Sans Faceted Etvu 9 is a bold, wide, low contrast, italic, normal x-height font visually similar to 'Refinery' by Kimmy Design and 'Sweet Square' by Sweet (names referenced only for comparison).
Keywords: headlines, posters, sports branding, tech packaging, gaming ui, futuristic, technical, sporty, aggressive, industrial, speed cue, tech aesthetic, impact display, geometric consistency, industrial tone, faceted, angular, octagonal, oblique, chamfered.
A heavy, oblique sans with sharply faceted construction: curves are consistently replaced by planar cuts and chamfered corners, producing octagonal counters in rounded forms like O and 0. Strokes are uniform and low-contrast, with a forward-leaning stance and compact joins that emphasize speed and direction. Proportions are broad with squared-off terminals and a slightly mechanical rhythm; diagonals (A, V, W, X, Y, Z) are crisp and prominent, while bowls and apertures are kept tight and geometric. Numerals echo the same faceted logic, with angular turns and flattened arcs for a cohesive, engineered texture.

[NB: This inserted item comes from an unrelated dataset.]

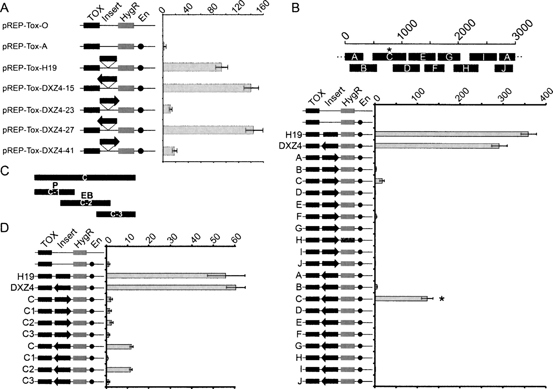 DXZ4 unidirectionally interferes with promoter–enhancer communication in vitro, an attribute confined to DNA encompassing the CTCF binding site. (A) Schematic representation of the different constructs are labeled and shown on the left. The location of the diphtheria toxin-A gene (TOX), hygromycin-B resistance gene (HygR), insert (Insert), and SV40 enhancer (En) are indicated for the rectangles and circles. Insert identity is indicated to the left of each construct. The orientation of DXZ4 inserts are represented by the black arrows. The graph to the right indicates the number of colonies obtained for each construct after 2–3 wk of selection for hygromycin-B. Data represents the mean and standard error for four independent experiments. (B) A single 3-kb DXZ4 monomer is represented by the 1–3000 bp scale. The approximate location of subfragments A–J are shown below the monomer. Data obtained as for A. The asterisk highlights the subfragment that retained most of the insulator activity. (C) Representation of the subfragments of C (C1–C3) that were cloned in either orientation into pREP-ToxA. The P indicates the fragment containing the highest promoter activity, whereas the EB indicates the fragment containing enhancer-blocking activity determined below. (D) Data obtained for the C subfragments determined as for A.

Best suited to headlines, posters, and branding where its angular, fast aesthetic can lead the visual identity. It also fits product packaging, esports and gaming interfaces, and tech-forward graphics that benefit from a hard, geometric voice. For longer passages, it will be most effective when given generous size and spacing to preserve clarity amid the dense, faceted forms.

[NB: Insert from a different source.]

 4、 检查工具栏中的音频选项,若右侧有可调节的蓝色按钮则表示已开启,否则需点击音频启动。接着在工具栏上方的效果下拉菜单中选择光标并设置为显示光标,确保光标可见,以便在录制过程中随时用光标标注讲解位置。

The overall tone is modern and high-energy, conveying a techno and motorsport feel through its aggressive angles and forward motion. The faceting adds a hard-edged, machined character that reads as tactical, digital, and performance-oriented rather than friendly or casual.

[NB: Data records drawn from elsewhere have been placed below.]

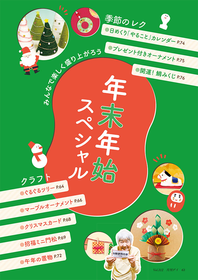 クリスマスからお正月まで、楽しいイベントが尽きない年末年始。クリスマスツリーや門松など季節の定番をモチーフにしたクラフトや、この時季ならではの特別感を味わえるレクのアイデアをご紹介します。今回の年末年始も充実した時間を過ごせること間違いなし!
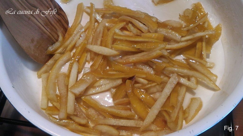Het is belangrijk dat de siroop volledig uitdroogt en dat de sinaasappelschillen goed glanzen, dus houd er altijd rekening mee dat de kooktijd kan verlengen afhankelijk van de hoeveelheden (fig. 7).
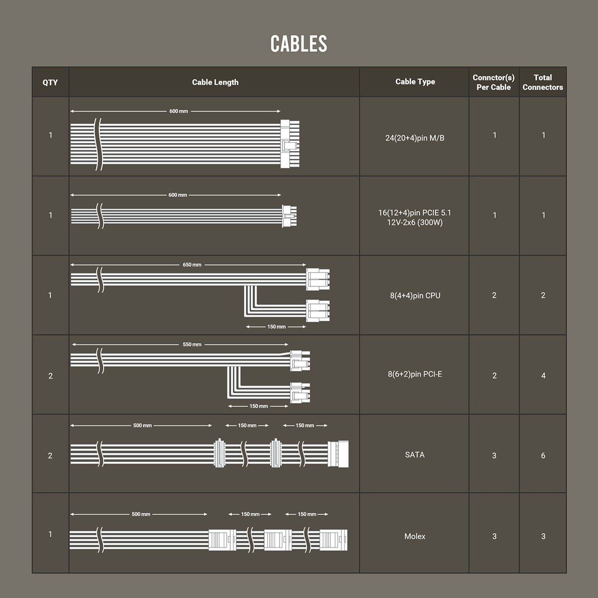 | 16ピンPCI-E 5.1(300W)電源コネクタ約600mm (1本に1つの16ピンPCI-E電源) | 1 |

The design appears intended to translate a geometric, machined aesthetic into an oblique sans built from facets rather than smooth curves, prioritizing speed, impact, and a cohesive techno voice across letters and numerals.
At text sizes the strong slant and angular counters create a distinctive, patterned texture that favors short bursts and display settings. The faceting is applied consistently across uppercase, lowercase, and figures, helping the font maintain a unified voice in mixed-case compositions.